In more modern times, parrots, parakeets, bulbuls, mynas and other species have established themselves in several Texas cities and areas. Here on the upper Texas coast, for instance, we can find beautiful green monk parakeets, natives to South America, and they are expanding.

One such species that is making a rapid expansion of its feral territory is the scaly-breasted munia, aka the nutmeg mannikin or spice finch. A small population started growing from released or escaped pet birds in a Houston neighborhood, and is now spreading into the greater Houston area far and wide, at a rather rapid pace. Last year, they even made it to southern parts of Brazoria County, not far from the Gulf Coast Bird Observatory’s headquarters in Lake Jackson. Although we don’t know of any breeding records in Brazoria County yet, I’m sure it’s just a matter of time.

While it’s a pretty cool looking little bird, it is non-native, and what effects it might have in the wild are yet to be seen. Both starlings and house sparrows, albeit having much larger populations, are both a problem for native birds such as purple martins, who now have to compete for nest sites with these two exotics. Anytime anything non-native is released into a habitat, it is usually detrimental to native species, often resulting in the native species loosing out some way or another. Escaped pet birds (or other types of animals) do not always manage to establish in the wild, due to mostly environmental factors, but when they do, it is almost always a concern.

If you’re looking for the scaly-breasted munia, keep an eye out for sparrow-sized birds that seem to travel in groups. They’ll tend to be in grasses with seed along roads, parks and fields. They will also eat small berries and some insects. These birds have also figured out bird feeders and will frequent backyards.

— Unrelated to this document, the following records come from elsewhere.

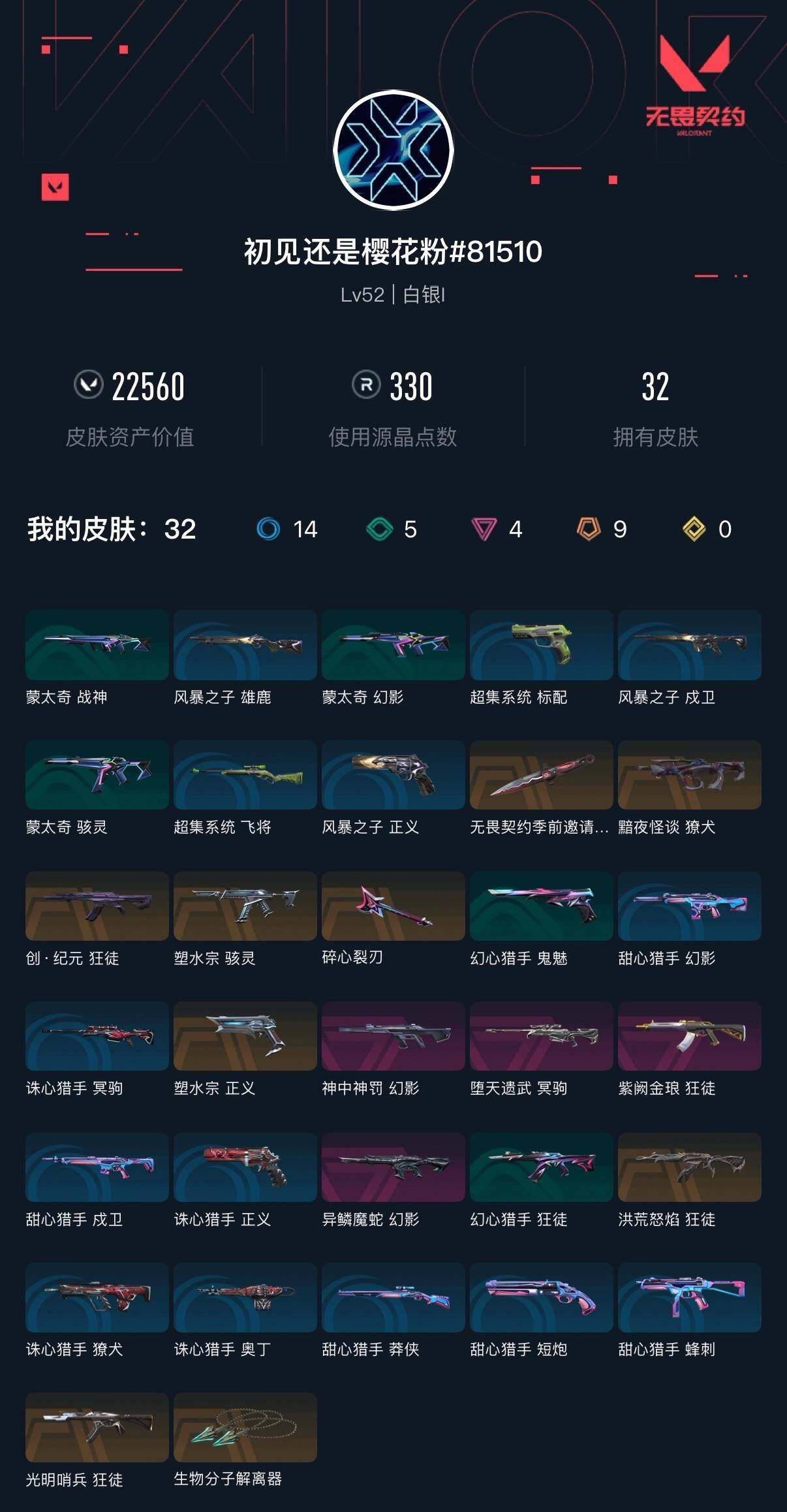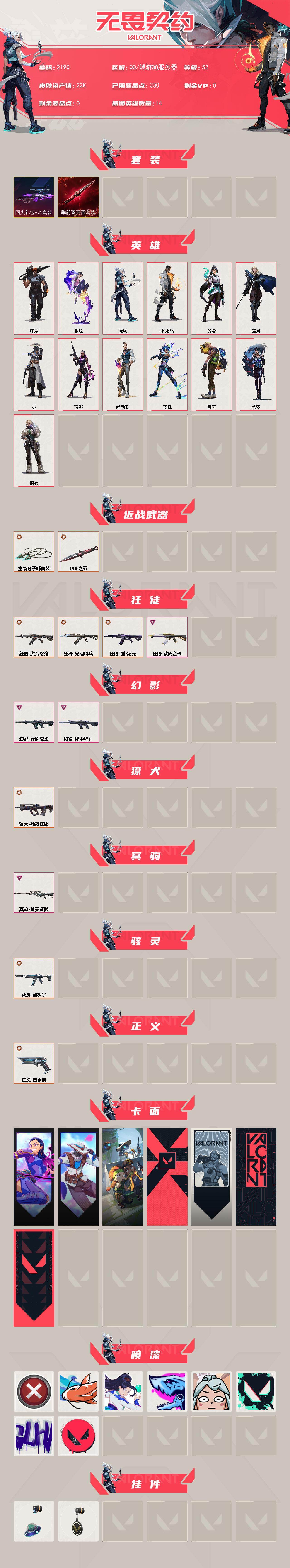 [16107804]【套装】:无畏契约季前邀请赛套装,回火礼包// v25套装 【英雄】:炼狱,暮蝶,捷风,不死鸟,贤者,猎枭,零,芮娜,尚勃勒,霓虹,盖可,黑梦,钢锁 【近战武器】:近战武器-无畏契约季前邀请赛 悲悯之刃,近战武器-生物分子解离器 【狂徒】:狂徒-光明哨兵,狂徒-洪荒怒焰,狂徒-创·纪元,狂徒-紫阙金琅 【幻影】:幻影-异鳞魔蛇,幻影-神中神罚 【獠犬】:獠犬-黯夜怪谈 【冥驹】:冥驹-堕天遗武 【骇灵】:骇灵-塑水宗 【正义】:正义-塑水宗 【卡面】:无畏契约go!第一卷:芮娜 卡面,无畏契约go!第一卷:零 卡面,别冒尖 卡面,代号红色 卡面,新兵报到 卡面,v契约 卡面,无畏契约 卡面 【喷漆】:买装还是存钱 喷漆,红鳞 喷漆,无畏契约go!第一卷:贤者 喷漆,暴走萝莉 喷漆,这招不行了 喷漆,胜利属于无畏契约 喷漆,glhf 喷漆,无畏契约 喷漆 【挂饰】:天外飞客 挂饰,无畏契约 纪念币 挂饰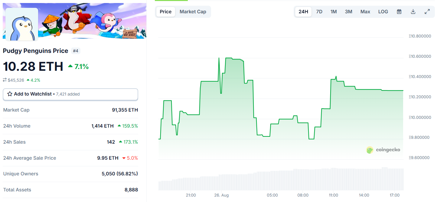 Berdasarkan data CoinGecko, harga floor Pudgy Penguins telah naik 7,1 persen menjadi 10,28 ETH atau sekitar US$45.526. Peningkatan ini mencerminkan minat pasar yang kembali menguat terhadap aset digital berbasis Ethereum tersebut, di tengah penurunan nilai pasar NFT secara keseluruhan.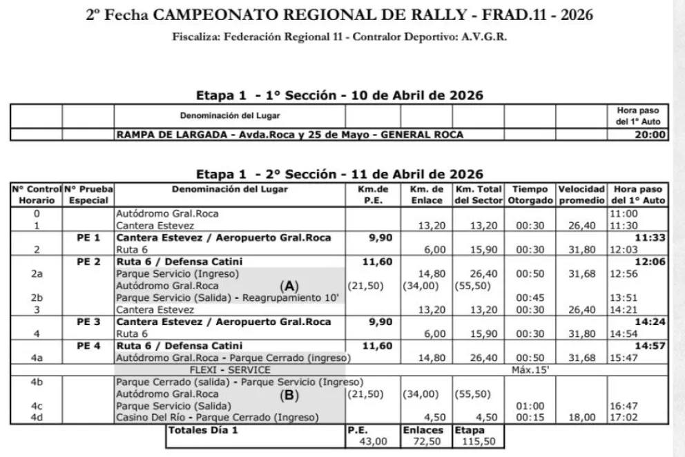 Todo se iniciará a las 11.33 con el parcial Cantera Estevez - Aeropuerto de General Roca, de 9,9 kilómetros. Luego se repetirá como PE3 a las 14.24.
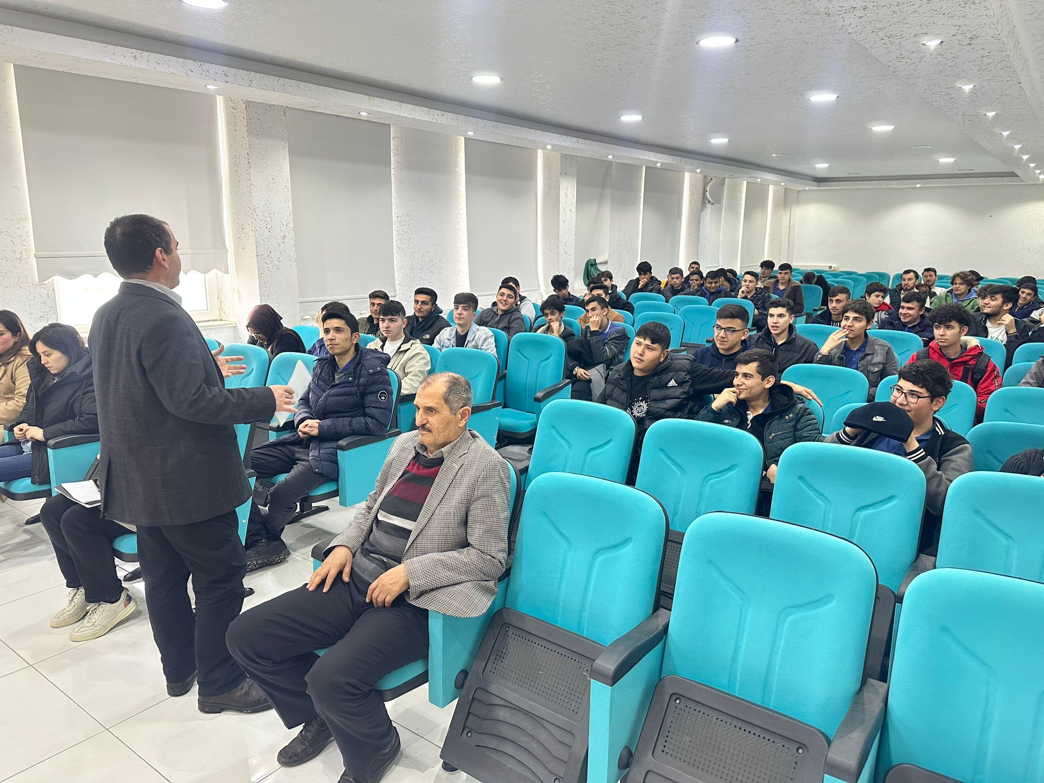 Yozgat – Yerköy – Hüseyin Erbaş Anadolu İmam Hatip Lisesi Müdürü Osman Bağcı’nın daveti üzerine okulun konferans salonunda lisenin öğrencileriyle ” Güçlü Gelecek için Donanımlı Genç Olmak” başlığı etrafından bilgilerini aktaran Prof. Dr. Mustafa Böyükata, tarım toplumu, modern toplum ve bilgi toplumu tanımlamaları üzerinden hareketle insanlık gelişimi içerisinde bilgi ve ekonominin aynı anda bir toplumu ne denli güçlü kıldığını örneklerle anlattı.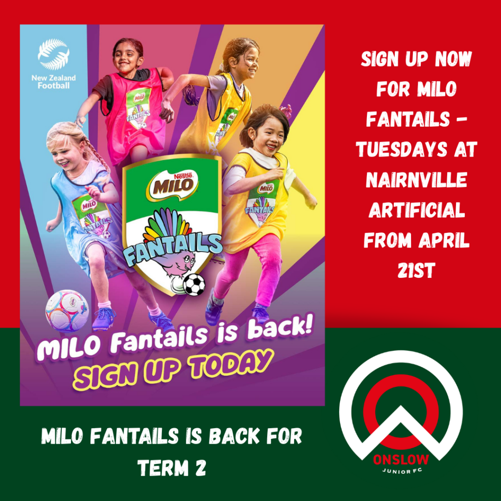MILO Fantails is a programme designed to attract new female players to the beautiful game – Onslow is offering this to girls aged 4-13 years. Sessions are focused on helping girls make friends, have fun, improve their skills, and be active through football.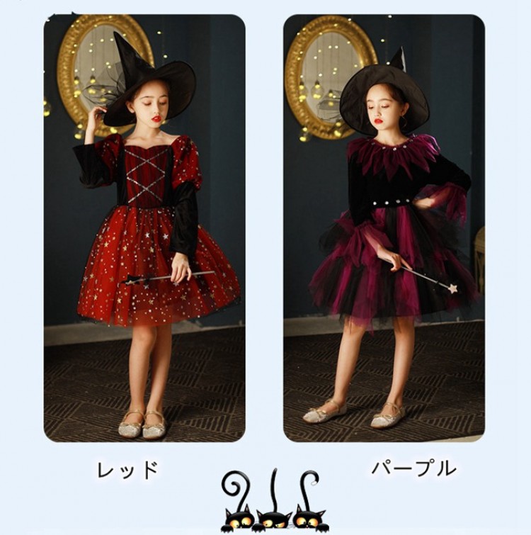 女の子 ハロウィン コスプレ 衣装 ワ キッズ ベビー マタニティ 豊富な品揃え パープル レッド 100(身長約95cm) 110(身長約105cm) 120(身長約115cm) 130(身長約125cm) 140(身長約135cm) 150(身長約145cm) 160(身長約155cm)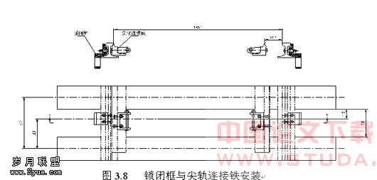 b.将两侧的锁闭框和尖轨连接铁分别安装在两侧的基本轨和尖轨上,如图3.8,安装前需将安装侧的尖轨拨离基本轨。锁闭框安装螺栓应大约在锁闭框安装长孔的中心位置,并暂不拧紧,便于随后调整。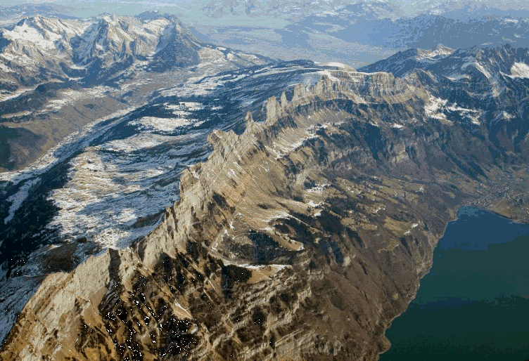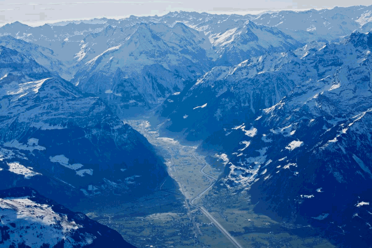 Die Sägezahnstruktur der „Churfirsten", Walensee und Walenstadt Mit der Annäherung an die Züricher Kontrollzone wechselt nur der Akzent unserer netten Controlerinnen. Die freundliche französische Tonfolge wird von einem für deutsche Gehörgewohnheiten leichtverständlichen Englisch abgelöst. Doch die bevorzugte Begleitung bleibt uns erhalten. Wir kreuzen die frequentierte Nord-Süd Flugstrasse „Alpha 9" und erhalten die Genehmigung für die von uns gewünschte FL 140. Der Vierwaldstätter See liegt nun schon hinter uns. Obwohl sich zunehmend eine leichte Zirrus Bewölkung aufbaut bleiben die Sichten traumhaft. Das Matterhorn ist die leichte, eindeutige Orientierung.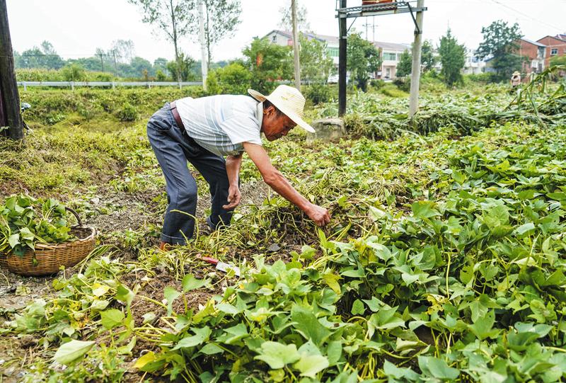 不等不靠,抗灾自救。8月15日,曾都区洛阳镇金鸡岭村村民正在清理被大水冲过的农田,以减少洪灾损失。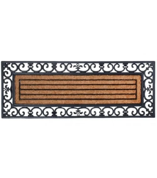 Très grand paillasson en caoutchouc et coco. Ce paillasson élégant et pratique offre une très longue surface avec une longueur de 120cm. Paillasson très élégant avec ses motifs sobres et la double couleur noir et coco très complémentaire. Dimensions: Long. 120cm x larg. 45cm x Haut: 1.8cmMatière: Coco et CaoutchoucCouleur: Noir et Coco
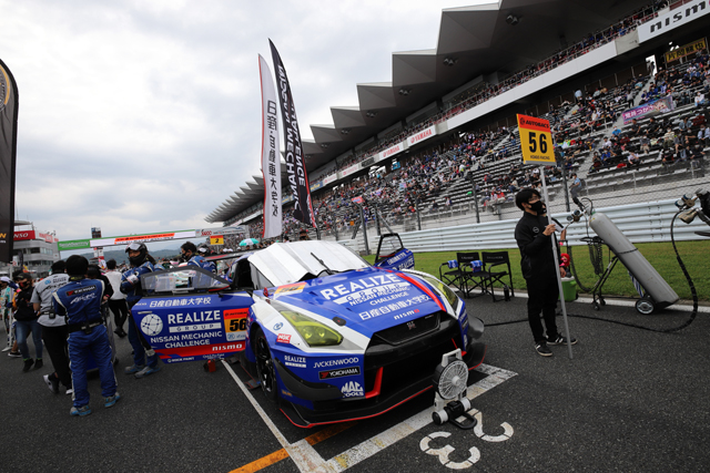 #56 GT-Rは、全国の日産販売会社から選抜されたテクニカルスタッフや日産自動車大学校の学生がチームに参加する「NISSAN MECHANIC CHALLENGE」を実施し、昨年からGT300クラスに参戦しています。今シーズンは新型コロナウイルス感染拡大予防策の影響で、テクニカルスタッフや学生たちはサーキットに入ることができませんでしたが、今大会からようやくそのプログラムが再開。その初戦で見事な優勝を飾りました。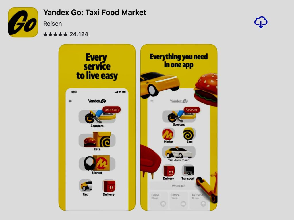 Yandex: Die russische Uber App ist unverzichtbar für günstige Fahrten innerhalb einer Stadt.

As it so often is in the bird world, the males are more colorful than the females. They have a rusty red head, brown back, and white spotted underside, while the females are a subdued brown overall. They are actually finches, and their native lands are in tropical Asia. The scaly-breasted munia have managed to establish feral populations in several other countries, besides the U.S., so let’s hope they behave themselves. Remember, releasing non-native animals can often harm native wildlife, so keep your exotic pets safe indoors.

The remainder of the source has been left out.